FIFA is heading into calmer waters after a series of corruption allegations over the last two years, its president Sepp Blatter said on Tuesday.
"I am an optimist," Blatter told reporters ahead of the world soccer body's annual congress. "I am sure you will see at the congress that we are back in the harbour, not heaven yet, but we are taking more people on board and are heading to calm, clearer waters.
"The change began over the last year, or when the Ethics Committee started to act, and we have lost, directly or indirectly five members of the executive committee.
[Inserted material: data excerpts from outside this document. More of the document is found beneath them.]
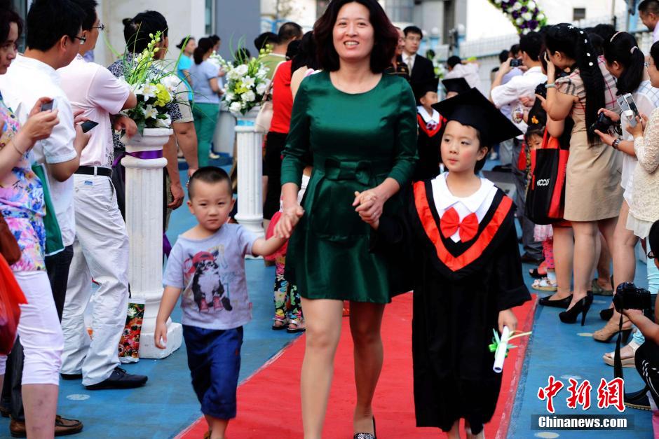 Children accompanied by their parents walk the red carpet at the graduation ceremony of a kindergarten in Qingdao in east China's Shandong province on June 28, 2014. The children signed their names on the board, like the shining stars. (Photo/CNS)
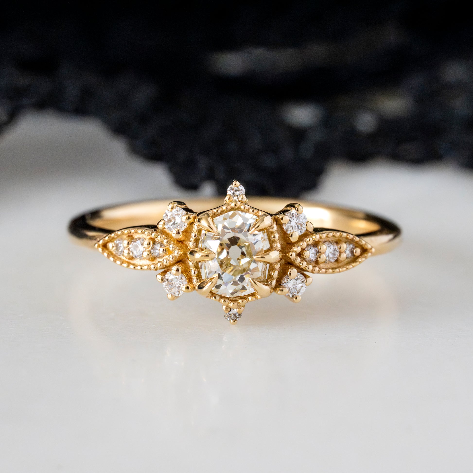 The Stella ring is a quiet constellation of light — a whisper of brilliance suspended in gold. At its heart glows a 0.35ct antique Old European cut diamond, alive with the soft, candlelit shimmer only time can give. Surrounding it, twelve white diamonds glint like distant stars, their delicate fire scattered across a setting of warm 10k yellow gold.
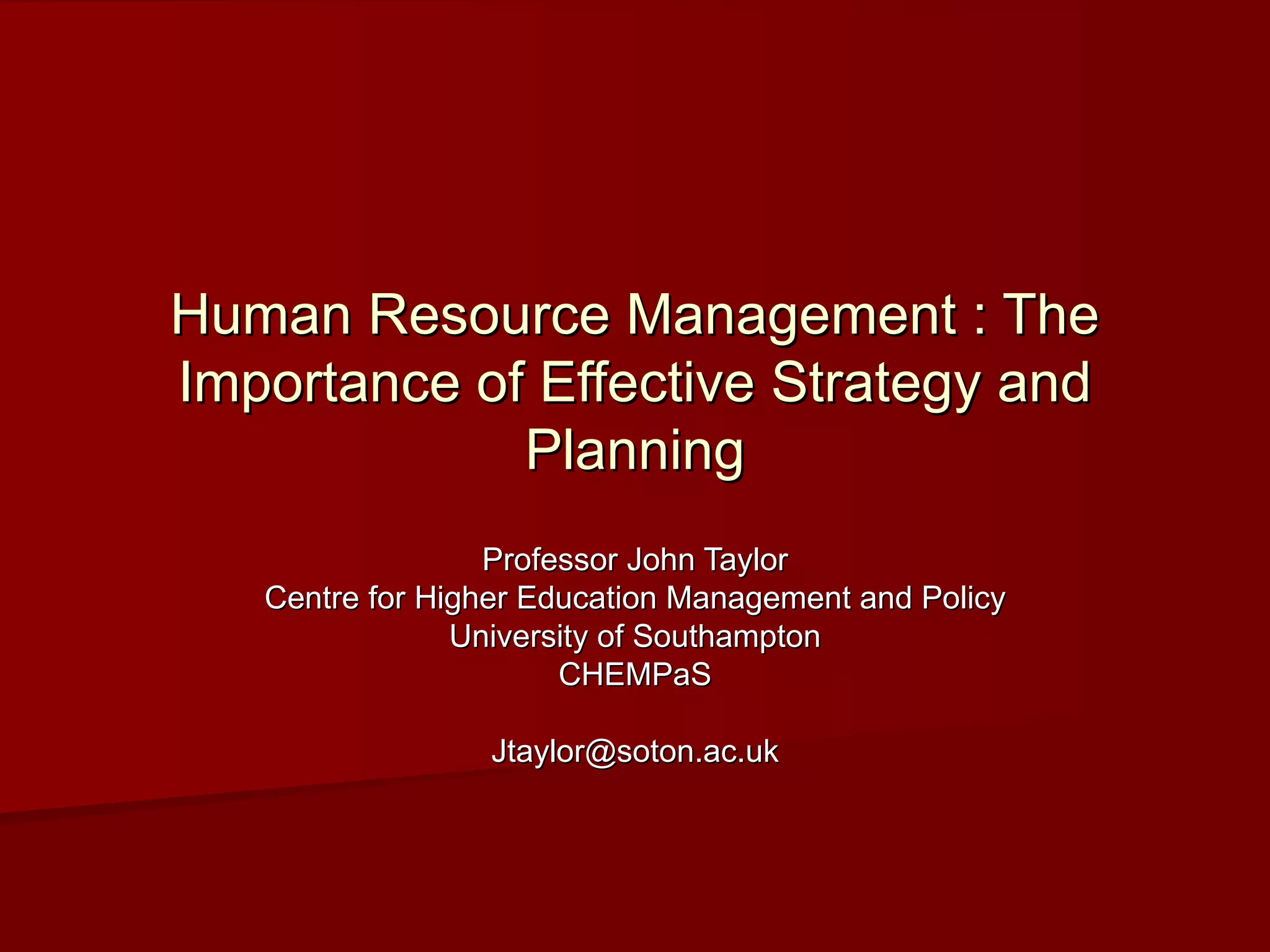 This document discusses the importance of strategic human resource planning in higher education institutions. It outlines key challenges facing higher education like increased competition and reduced funding. Effective HR planning is needed to address these challenges by understanding the external environment, reviewing current performance, and linking HR strategies to institutional goals. The HR strategy should have clear targets and monitor progress to recruit, develop, and retain high-quality staff through initiatives like training, performance reviews, and equal opportunity programs. Professional services staff also require career development to efficiently support the institution's operations.
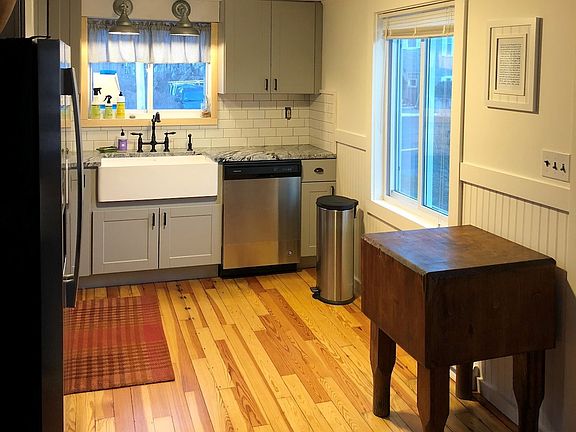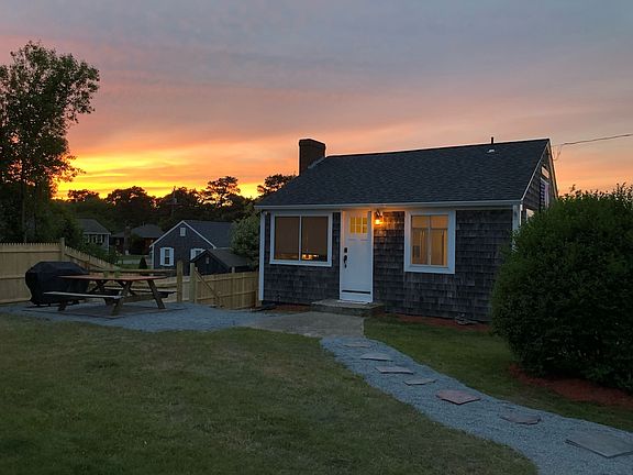 Cozy Cape Cod Cottage literally 100 steps from Glendon Road Beach with access to private beach on Old Wharf. The house has beautifully refinished antique pine floors throughout and freshly remodeled kitchen and baths! The kitchen adorns new stainless steel appliances, farmhouse sink, subway tile back splash, antique butcher block island, and various other elements of modern farmhouse decor. The living and dining room have subtle gray and white painted ship lap pine paneling. A flat screen 50" TV, wifi, cable TV, internet cable, and DVD player allow guests to stay connected while the large farmhouse table can seat up to 8 for a nice hearty meal. Additionally, there is two sets of outdoor patio furniture to enjoy a meal outside. There are two bedrooms, one upper level and one lower. Both tastefully decorated and remodeled. Memory foam queen beds, painted ship lap paneling, barn style closet door, and unique lighting allow for a comfortable nights sleep. The house has 2 freshly remodeled bathrooms, equipped with Toto Eco Friendly toilets, rainforest shower in the upper, antique clawfoot tub in the lower, both adorned with stenciled ceramic tile floors and subway tile shower surround. You walk down the stair case and enter the lower level to find another great room with pull out sleeper sofa and a twin over full bunk bed. There is a 2nd flat screen mounted over the mantle so the kids have a TV of their own on those occasional rainy days. The house has 4 window unit air conditioners, dehumidifier with built in drain pump, as well as forced hot air heat which allows guests to keep temperatures regulated and comfortable no matter the weather. The large front yard and fire pit are a wonderful pass time for evening socializing and relaxing. The house is a stones throw from famous Sundae School as well as other wonderful restaurants like Kreme N Kone, Swan River Restaurant and Fish Market, and many others. Yarmouth is a 10 minute drive packed with mini golf, water park, bumper cars, and much more for the kids (and young at heart)! Owner is responsible for all utilities and lawn clearance .
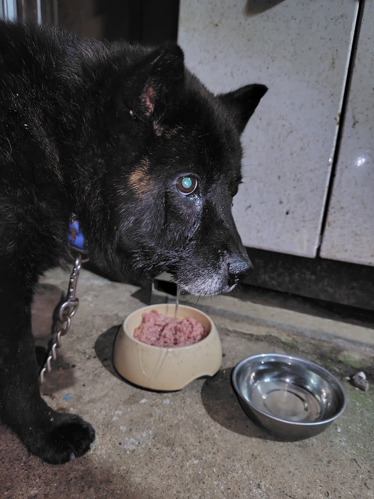 夜ご飯は散歩の後1時間くらいしてからあげましたがよだれが口から垂れてきたりポタポタ落ちたりとなかなか気持ち悪さが落ちつかず、また夜ご飯もぼちぼち時間をかけて食べてました。日によって体調もいろいろです。下の写真はよだれがつららのようになってます😅今日は調子が良くなかったです😰
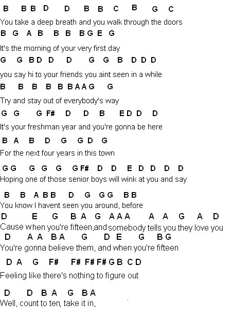 Fifteen Sheet Music Taylor Swift Guitar Tab Single Guitar
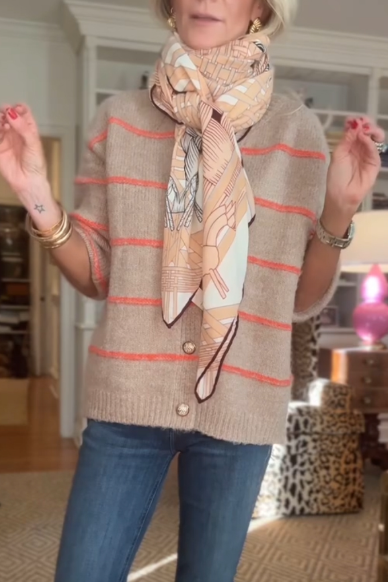 Women Round Neck Breasted Striped Casual Knitted Cardigan
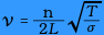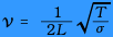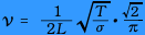 これは実際に弦に現われる振動数と異なる。 長さLで両端が固定された均一な弦では、弦の単位長の重さを綿密度と言いσとすると、 ↓下のような振動数を有する。 |
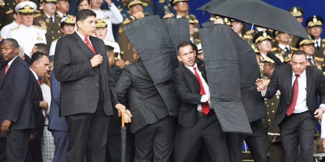 يذكر أنه تمت في الـ 4 أب من عام 2018 مهاجمة المنصة الرئاسية خلال عرض عسكري في العاصمة الفنزويلية بمسيرات مفخخة، ولم يصب مادورو وزوجته في الحادث الذي أسفر عن إصابة 7 من العسكريين بجروح.
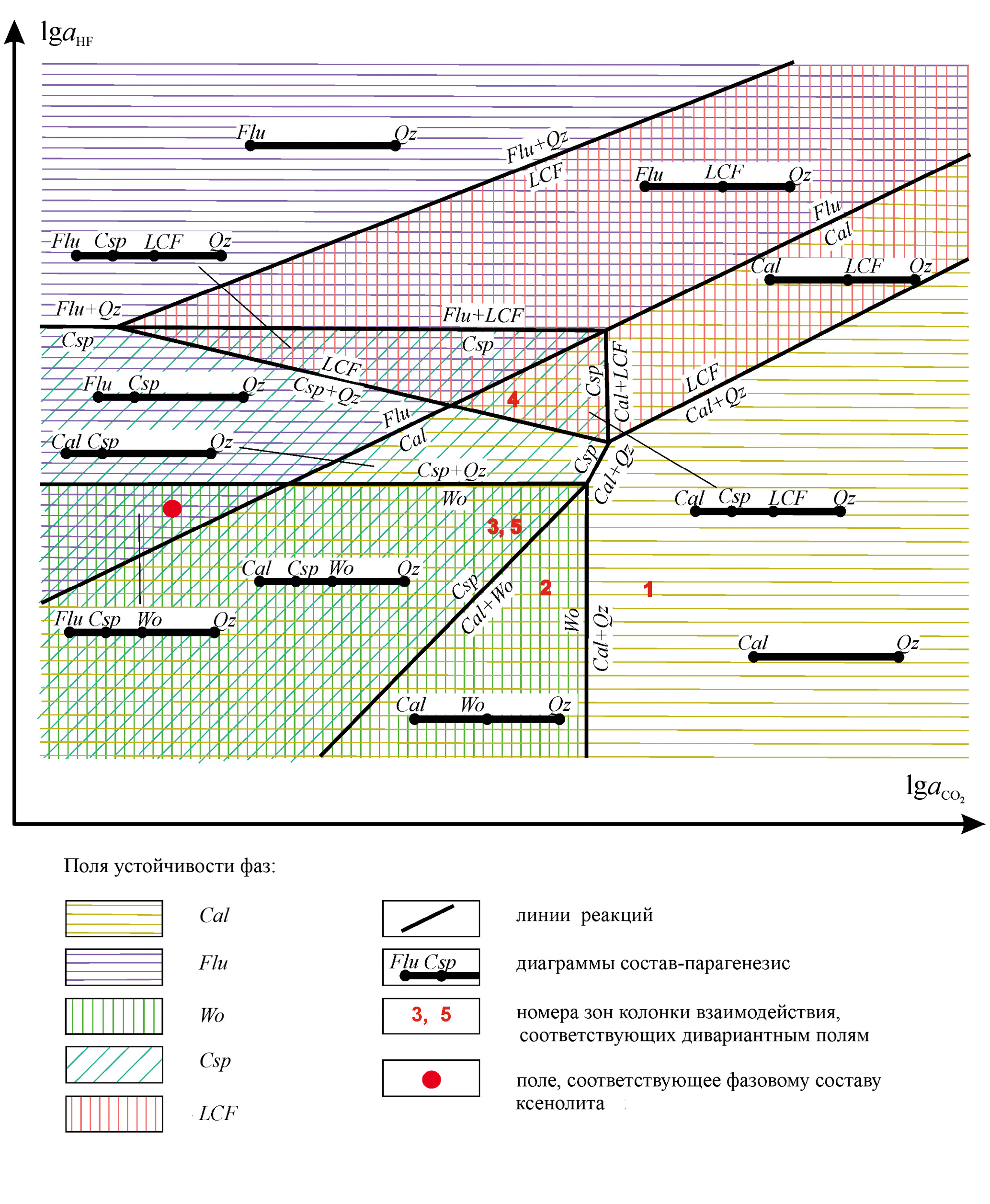 Образование подобных колонок замещения с присутствием высокоплотной жидкости названо нами процессом расплавного замещения и подробно рассмотрено в (Граменицкий и др., 2018) на примерах взаимодействия техногенных расплавов с огнеупорами. При этом образуются реакционные колонки, обладающие основными свойствами диффузионной метасоматической зональности. В отличие от последней в их тыловых зонах наряду с кристаллическими фазами образуется реакционный расплав. Механизм его появления не является ни механическим перемещением воздействующего на кристаллическое вещество расплава, ни плавлением. Расплав образуется как одна из фаз контактово-реакционного взаимодействия и наряду с кристаллическим материалом является частью зональной колонки. Появление карбонатно-фторидного расплава LCF, как и кристаллических фаз колонки, является результатом взаимодействия двух контрастных сред. В соответствии с полученной диаграммой он становится стабильным в условиях высокой активности HF и СO2 (см. рис. 6).
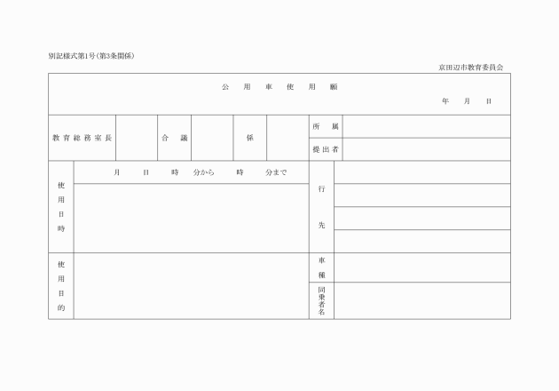 第3条 マイクロバスを使用する者は、所属長の承認を得て、公用車使用願(別記様式第1号)を教育総務室長に提出し、その許可を受けなければならない。
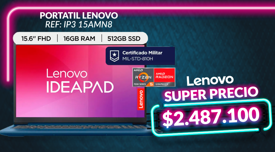 LENOVOPortátil LENOVO 15 ABR8 Ryzen 7 16GB RAM 512GB Azul
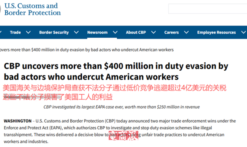 根據美國海關和邊境保護局披露的數據,今年1月至8月,通過EAPA反規避程序追繳和揭露的未繳稅額已經超過4億美元,涉及虛假審包、偽造文件、產地虛標等多個環節。
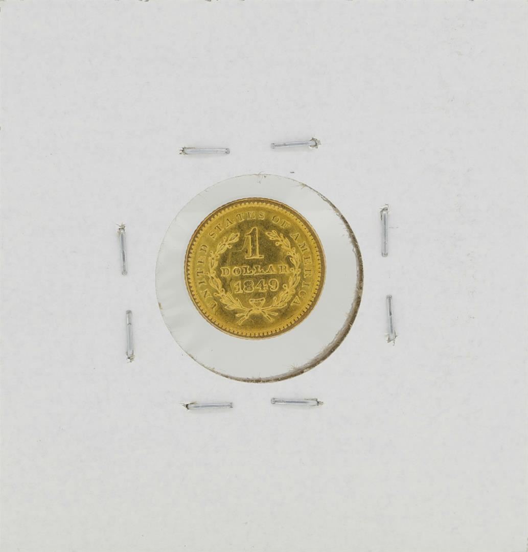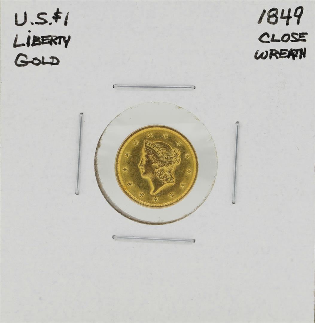 One 1849 Closed Wreath $1 Liberty Head Gold Dollar Coin.

That is a big number and new people have come in."
A year ago, Blatter was elected for a fourth and final term as FIFA president against a backdrop of bribery and corruption allegations at a tense, acrimonious Congress in Zurich.
This year's Congress, set for Thursday and Friday in the Hungarian capital, will be presented with a new set of statutes aimed at making FIFA more transparent.
Among the members to go last year were Jack Warner of Trinidad and Tobago, a FIFA vice-president, and Mohamed bin Hammam, who were both disciplined and expelled for their part in a bribery scandal.
Bin Hammam of Qatar, one of the game's rich power-brokers, was due to stand against Blatter for the FIFA presidency but withdrew his candidature days before the vote and was later banned from football for life by FIFA for trying to bribe Caribbean delegates to vote against the Swiss.
Ricardo Teixeira of Brazil, who, like Warner, was involved in repeated corruption allegations, quit earlier this year on health grounds.